» Data extract:
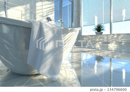 Minimalist bathroom design with freestanding bathtub and natural light, 3D render illustration.
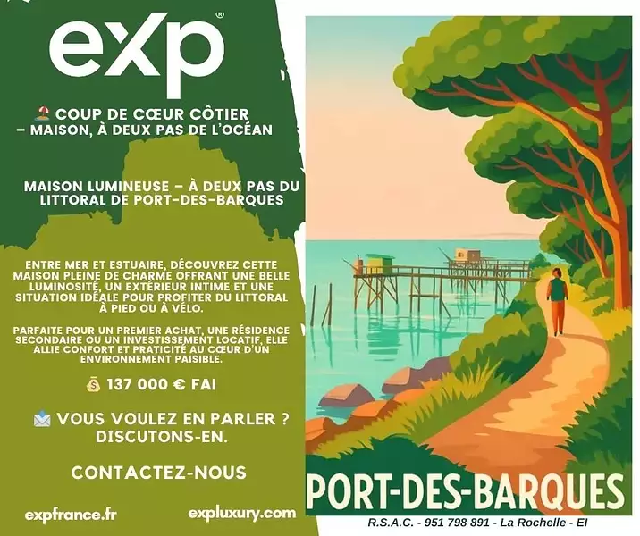 Une maison clé en main, dans une commune prisée de la Charente-Maritime, entre authenticité et douceur de vivre. 127,000 € Honoraires d'agence non inclus - Honoraires agence: 7.87%TTC Honoraires à la charge de l'acquéreur - Montant estimé des dépenses annuelles d'énergie pour un usage standard, établi à partir des prix de l'énergie de l'année 2023 : 1890€ ~ 2600€ - Les informations sur les risques auxquels ce bien est exposé sont disponibles sur le site Géorisques : www.georisques.gouv.fr - Erwan MINEAU - Agent commercial - EI - RSAC La rochelle 951798891
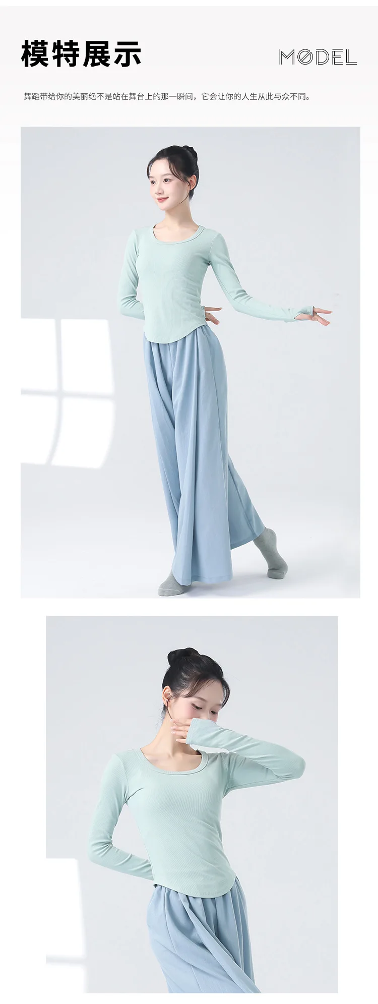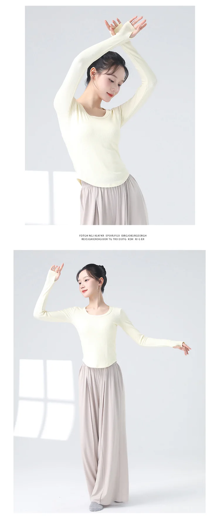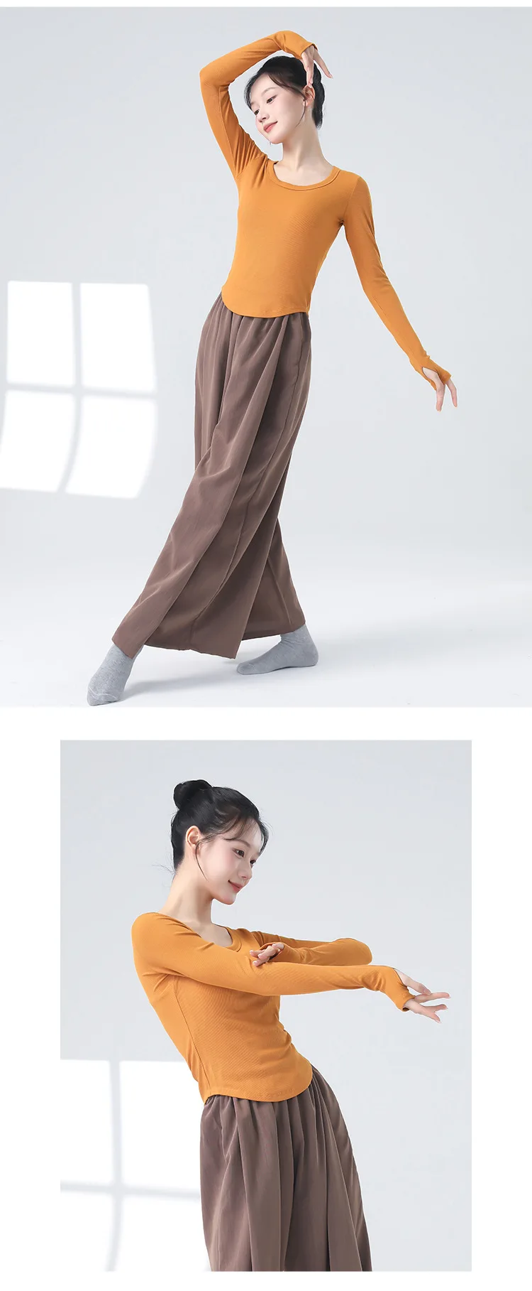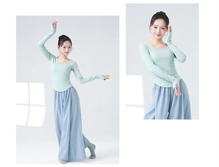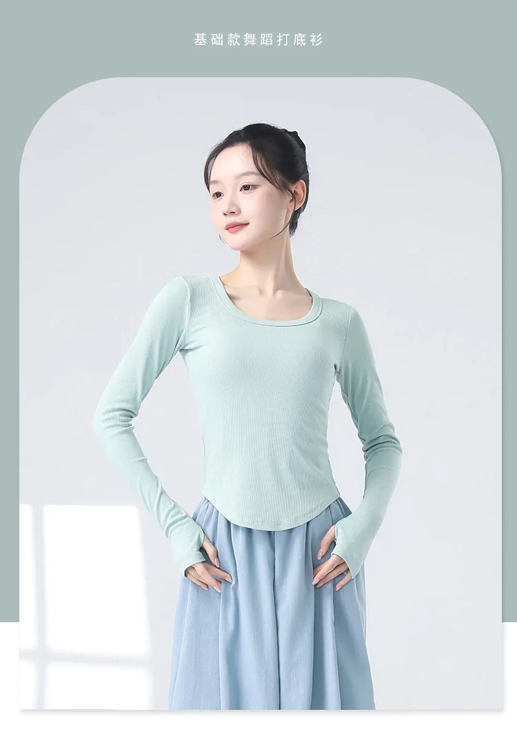 Modern Dancewear Women's New Long Sleeve Over Fingers Practice Slim Peplum Bottom Shirt Adult Daily Training Clothing Tops

» Work instruction: Return the full listing exactly as written, without any of its images.

» Task output:
 Minimalist bathroom design with freestanding bathtub and natural light, 3D render illustration.
 Une maison clé en main, dans une commune prisée de la Charente-Maritime, entre authenticité et douceur de vivre. 127,000 € Honoraires d'agence non inclus - Honoraires agence: 7.87%TTC Honoraires à la charge de l'acquéreur - Montant estimé des dépenses annuelles d'énergie pour un usage standard, établi à partir des prix de l'énergie de l'année 2023 : 1890€ ~ 2600€ - Les informations sur les risques auxquels ce bien est exposé sont disponibles sur le site Géorisques : www.georisques.gouv.fr - Erwan MINEAU - Agent commercial - EI - RSAC La rochelle 951798891
 Modern Dancewear Women's New Long Sleeve Over Fingers Practice Slim Peplum Bottom Shirt Adult Daily Training Clothing Tops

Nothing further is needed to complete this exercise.